Strip the pictures and reproduce the rest of the listing exactly.

EXERCISE DATA:
+ + + + +
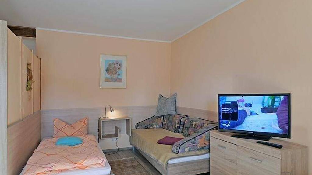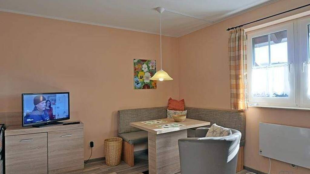 ### Please note the availability date! Bitte das Verfügbarkeitsdatum beachten! ### kleines möbliertes Apartment im Hinterhaus auf einem ehemaligen Bauernhof, ideal geeignet für Wochenendheimfahrer; großes Wohnzimmer mit Eckbank, Esstisch, Sessel, Einbauküche, TV; in der Seitennische Einzelbett und Couch; Eingangsbereich mit Garderobe und Kleiderschrank als Raumteiler; Bad mit Dusche und WC; WLAN, BW- und HT-Wechsel und fester PKW-Stellplatz ist inklusive; Mitnutzung des Fitnessraums mit Geräten und Waschmaschine, Garten und überdachtem Sitzplatz; ein individueller Reinigungsservice ist auf Wunsch gegen Aufpreis möglich (für 30,00 Euro / Monat); Pauschalmiete 650,00 Euro (bei max. 1 Person); Kaution 900,00 Euro; Endreinigung 75,00 Euro; Mindestmietdauer 3 Monate; Pflichtangaben zum Energieausweis: Energieausweis gültig bis: 05.11.2029; Baujahr Gebäude: 1995; Energieausweis: nach Verbrauch; Energieverbrauch: 132.9 kWh/(m²a); Energieeffizienzklasse: E; Primärer Energieträger: Heizöl
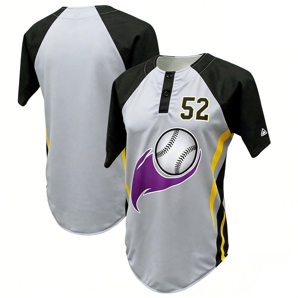 เสื้อเบสบอลคอเฮนลีย์แบบแร็กแลนลายเปลวไฟสั่งทำพิเศษ ผ้าโพลีเอสเตอร์ 100% ระบายเหงื่อได้ดี ผู้ผลิตชุดกีฬาแบบ OEM
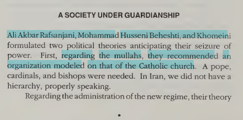 Mullahs organised a model based on the Catholic church. Very Islamic of Khomeini.
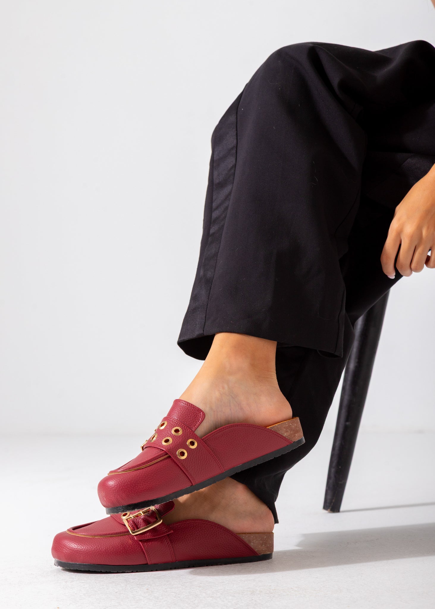 These Metallic Studded Buckle Clogs in Marron combine durability with refined style. Crafted with high-quality materials, their metallic studs and adjustable buckle offer a secure fit and a distinctive look. Designed for comfort and long-lasting wear, they are an excellent choice for those seeking both practicality and contemporary fashion in their footwear.
+ + + + +
ANSWER FOR THIS EXERCISE:
 ### Please note the availability date! Bitte das Verfügbarkeitsdatum beachten! ### kleines möbliertes Apartment im Hinterhaus auf einem ehemaligen Bauernhof, ideal geeignet für Wochenendheimfahrer; großes Wohnzimmer mit Eckbank, Esstisch, Sessel, Einbauküche, TV; in der Seitennische Einzelbett und Couch; Eingangsbereich mit Garderobe und Kleiderschrank als Raumteiler; Bad mit Dusche und WC; WLAN, BW- und HT-Wechsel und fester PKW-Stellplatz ist inklusive; Mitnutzung des Fitnessraums mit Geräten und Waschmaschine, Garten und überdachtem Sitzplatz; ein individueller Reinigungsservice ist auf Wunsch gegen Aufpreis möglich (für 30,00 Euro / Monat); Pauschalmiete 650,00 Euro (bei max. 1 Person); Kaution 900,00 Euro; Endreinigung 75,00 Euro; Mindestmietdauer 3 Monate; Pflichtangaben zum Energieausweis: Energieausweis gültig bis: 05.11.2029; Baujahr Gebäude: 1995; Energieausweis: nach Verbrauch; Energieverbrauch: 132.9 kWh/(m²a); Energieeffizienzklasse: E; Primärer Energieträger: Heizöl
 เสื้อเบสบอลคอเฮนลีย์แบบแร็กแลนลายเปลวไฟสั่งทำพิเศษ ผ้าโพลีเอสเตอร์ 100% ระบายเหงื่อได้ดี ผู้ผลิตชุดกีฬาแบบ OEM
 Mullahs organised a model based on the Catholic church. Very Islamic of Khomeini.
 These Metallic Studded Buckle Clogs in Marron combine durability with refined style. Crafted with high-quality materials, their metallic studs and adjustable buckle offer a secure fit and a distinctive look. Designed for comfort and long-lasting wear, they are an excellent choice for those seeking both practicality and contemporary fashion in their footwear.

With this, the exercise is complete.